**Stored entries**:
== Segment start ==

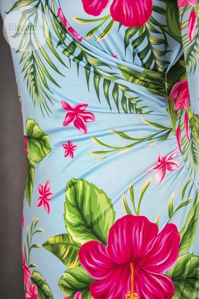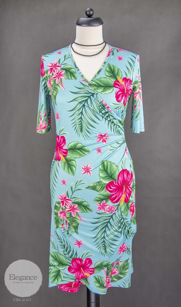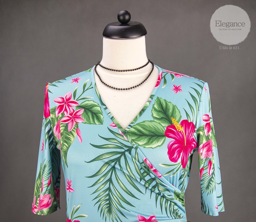 Türkiz alapon virág mintás, átlapolt, nyári ruha.
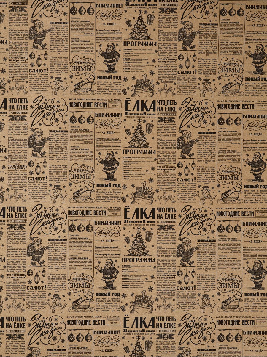 Бумага упаковочная новогодняя крафтовая "Советская газета", 50x70 см, Дарите Счастье, Россия
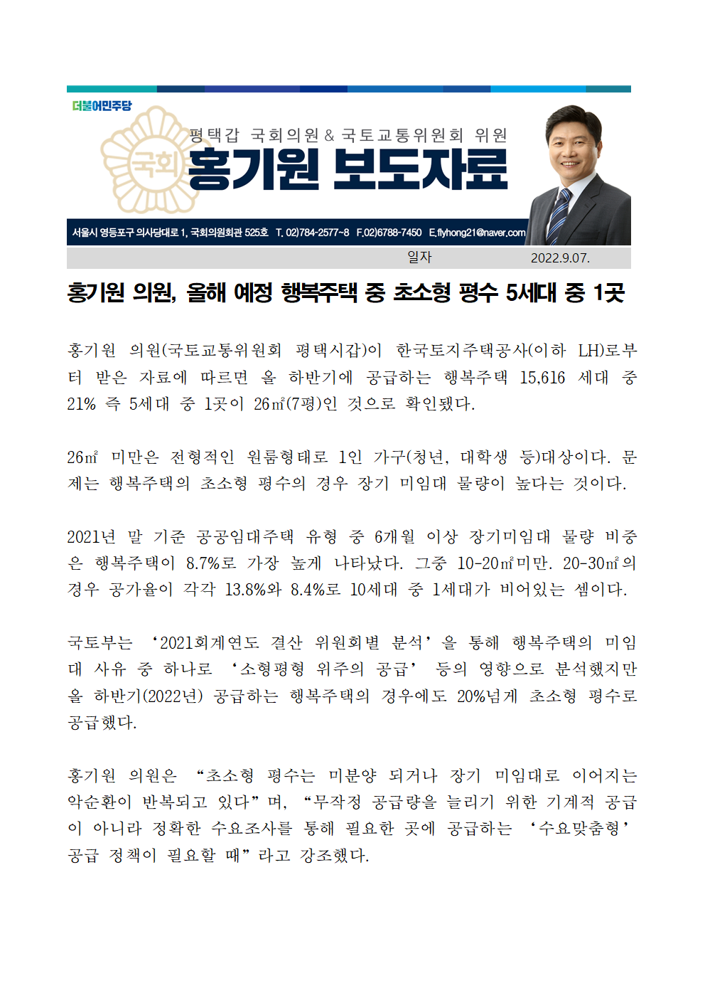 220907보도자료홍기원_의원,_올해_예정_행복주택_중_초소형_평수_5세대_중_1곳.hwp
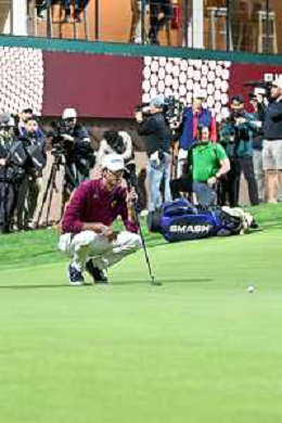 Elvis Smylie (Ripper GC) lines up for his winning Putt on the 18th green to win his debut LIV tournament on day 4 of LIV Golf in Riyadh. ©David Cunningham-Action Press-KarmaPress -AGENZIA ALDO LIVERANI SAS ITALY ONLY EDITORIAL USE ONLY
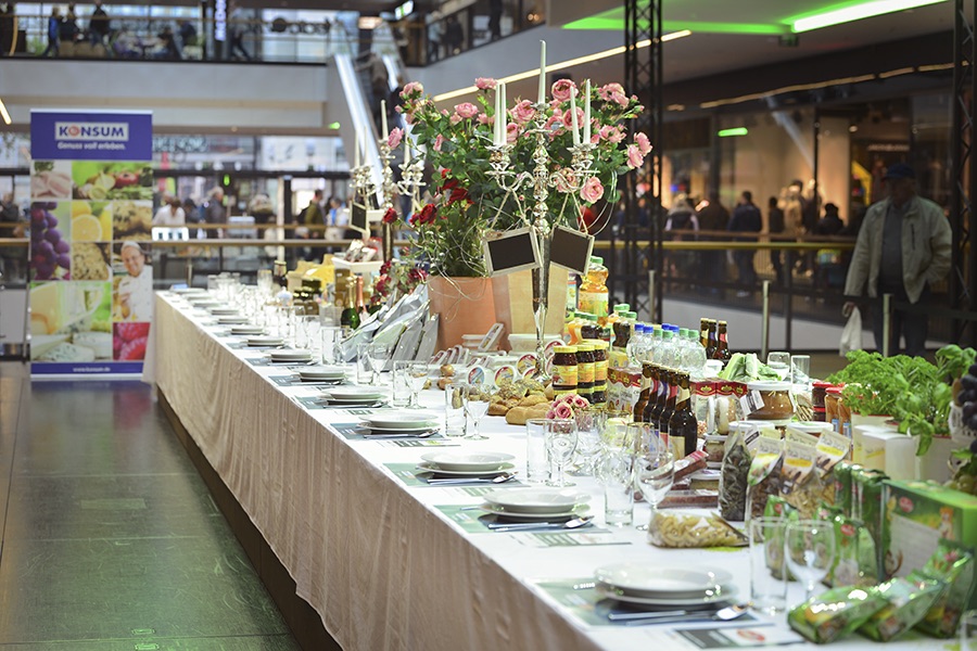 Gestern wurde in der Centrum Galerie die 4. Heimatwoche der KONSUM DRESDEN eG in Zusammenarbeit mit dem Sächsischen Staatsministerium für Umwelt und Landwirtschaft (SMUL) sowie 41 regionalen Partnern feierlich an der „längsten Heimat-Tafel Sachsens“ eröffnet.
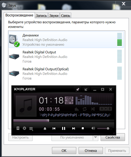 и индикатор дёргается справа внизу (рядом часы) когда песня играет КМ-плеером.
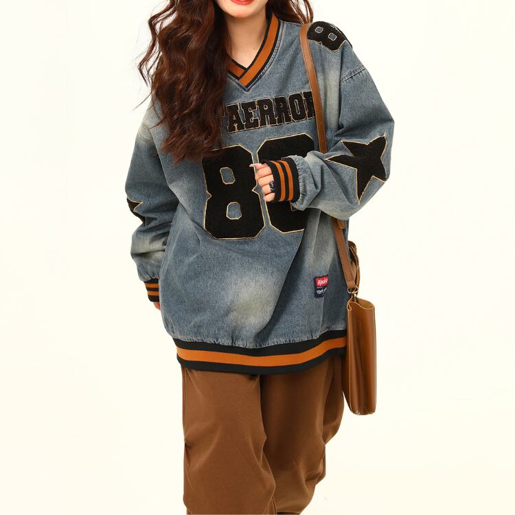 Vネック 長袖 ドロップショルダー オーバーサイズ スウェット L00177
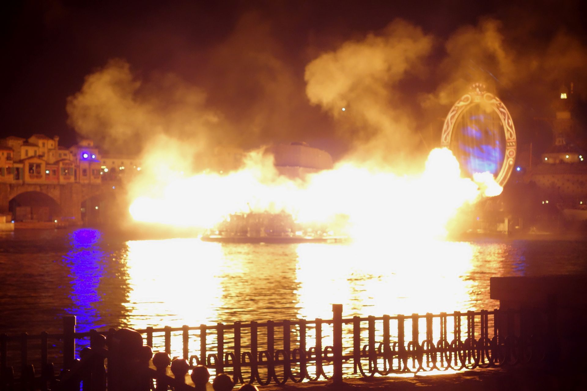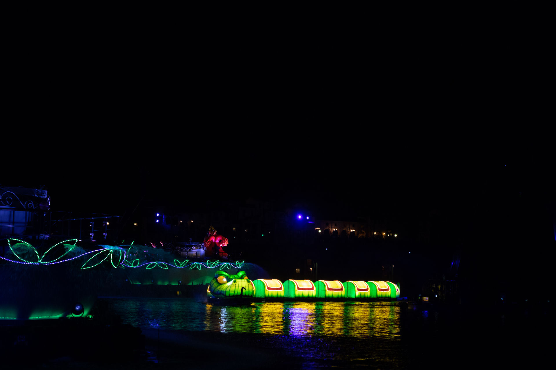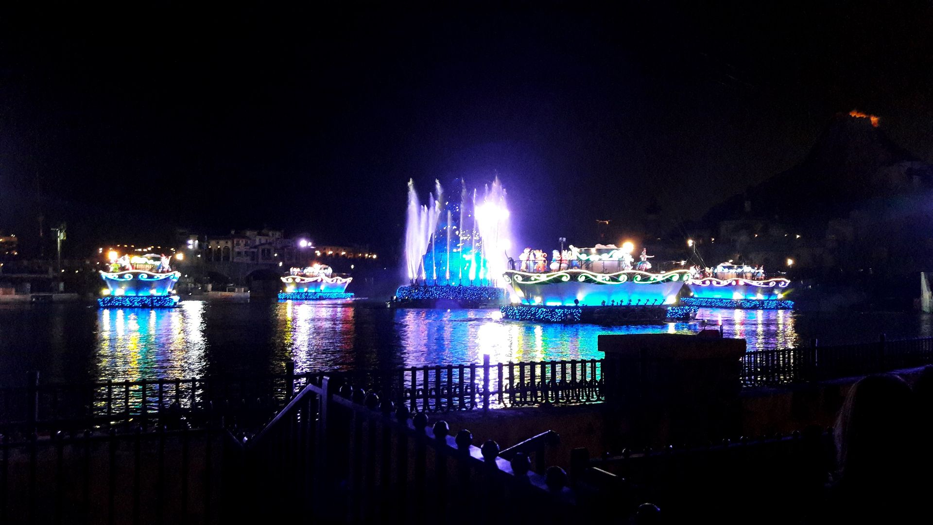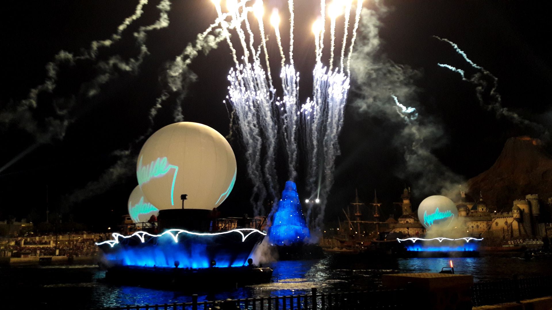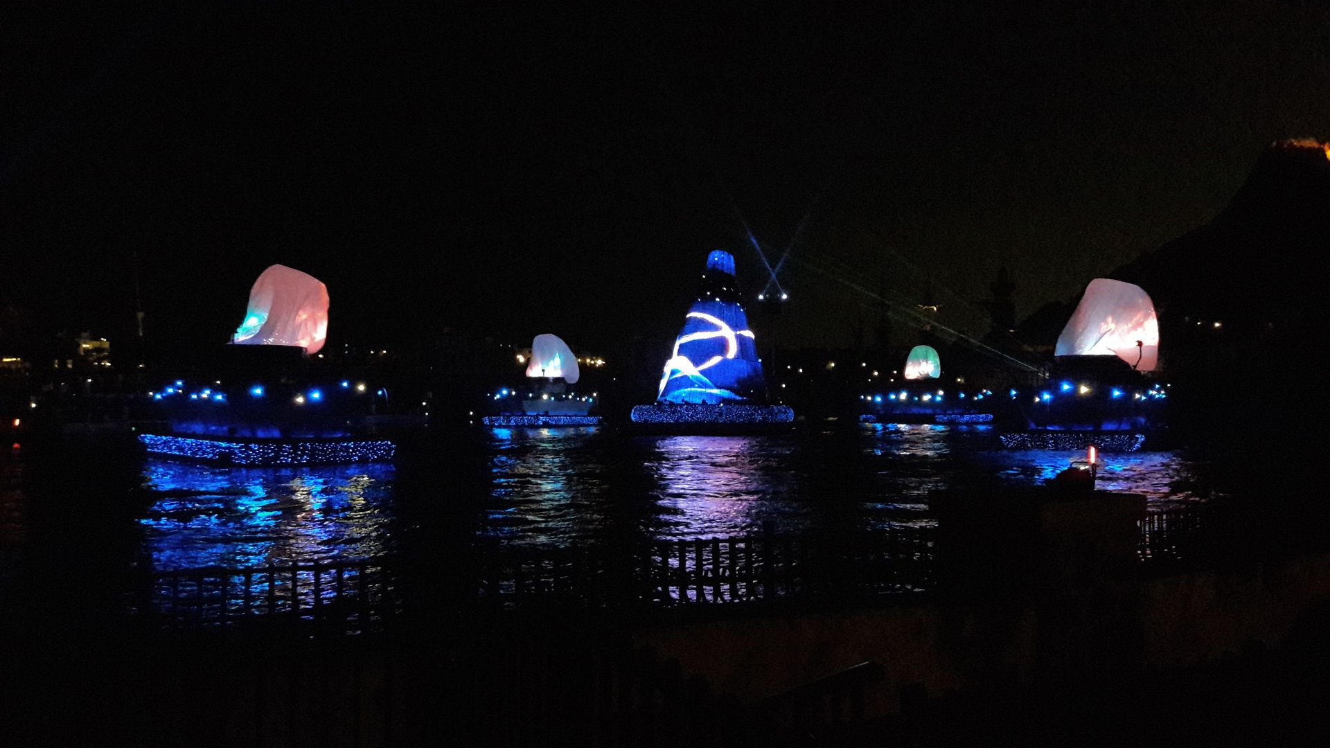 Danach wird es wieder freundlicher mit fetziger Musik, tanzenden Disney-Charakteren auf den Booten und diversen Feuerwerkskörpern.

== Segment end ==

**TASK DIRECTIONS**: Above are the records; repeat their lines from the first through the line containing "Elvis Smylie (Ripper", and leave out each picture.

**TASK RESPONSE**:
 Türkiz alapon virág mintás, átlapolt, nyári ruha.
 Бумага упаковочная новогодняя крафтовая "Советская газета", 50x70 см, Дарите Счастье, Россия
 220907보도자료홍기원_의원,_올해_예정_행복주택_중_초소형_평수_5세대_중_1곳.hwp
 Elvis Smylie (Ripper GC) lines up for his winning Putt on the 18th green to win his debut LIV tournament on day 4 of LIV Golf in Riyadh. ©David Cunningham-Action Press-KarmaPress -AGENZIA ALDO LIVERANI SAS ITALY ONLY EDITORIAL USE ONLY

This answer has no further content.